Omid - Challenge 11

data-challenges
advanced-exercises
🔰 List 1 List 2 List 3 List 4 Extract all item codes that are repeated at least in 3 out of 4 lists presented in the question table.
Published

March 24, 2026

Illustration for Omid - Challenge 11

Challenge Description

🔰 List 1 List 2 List 3 List 4 Extract all item codes that are repeated at least in 3 out of 4 lists presented in the question table.

Solutions

library(tidyverse)
library(readxl)

input = read_excel("files/CH-011.xlsx", range = "B2:E16")
test  = read_excel("files/CH-011.xlsx", range = "K2:K6")

result = input %>%
  pivot_longer(cols = everything(), names_to = "columns", values_to = "codes") %>%
  group_by(codes) %>%
  summarise(is_in_col = n_distinct(columns)) %>%
  filter(is_in_col >= 3) %>%
  select(-is_in_col)

identical(result$codes, test$`Item Code`)
# [1] TRUE
  • Logic:

    • Reads the workbook ranges needed for the challenge

    • Reshapes the data into the grain required by the task

    • Aggregates or ranks values at the relevant grouping level

  • Strengths:

    • The R solution stays close to the workbook rule and keeps the transformation compact.
  • Areas for Improvement:

    • The code assumes the sheet structure and source ranges remain stable.
  • Gem:

    • The strongest part of the solution is choosing the right intermediate representation before shaping the final output.
import pandas as pd

input_data = pd.read_excel("CH-011.xlsx", usecols="B:E", skiprows=1, nrows=15)
test = pd.read_excel("CH-011.xlsx", usecols="K", skiprows=1, nrows=5)

result = (
    input_data.melt(var_name="columns", value_name="codes")
    .groupby("codes", as_index=False)["columns"]
    .nunique()
    .rename(columns={"columns": "is_in_col"})
)
result = result.loc[result["is_in_col"] >= 3, ["codes"]]

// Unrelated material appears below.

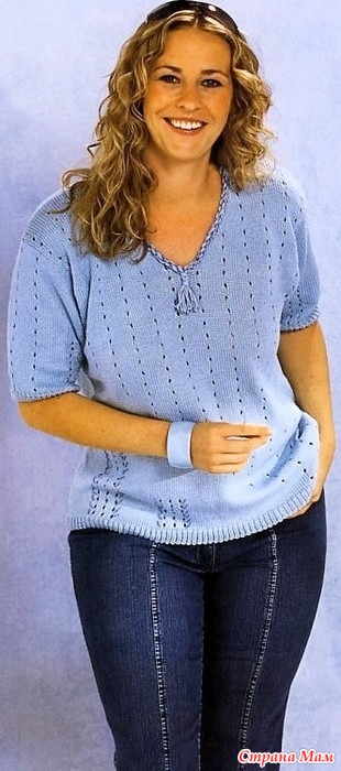 Летний пуловер с ажурными дорожками. Спицы.

print(result["codes"].equals(test["Item Code"]))
  • Logic:

    • Reads the workbook ranges needed for the challenge

    • Reshapes the data into the grain required by the task

    • Aggregates or ranks values at the relevant grouping level

  • Strengths:

    • The Python version follows the same rule in a direct dataframe-oriented implementation.
  • Areas for Improvement:

    • The code assumes the workbook layout remains stable, so any sheet redesign would require small adjustments.
  • Gem:

    • The implementation stays close to the original workbook rule instead of adding unnecessary abstraction.

Difficulty Level

This task is moderate:

  • The core logic is clear, but the correct transformation pattern is not obvious from the raw input.

  • The challenge combines multiple reshaping, grouping, or parsing steps.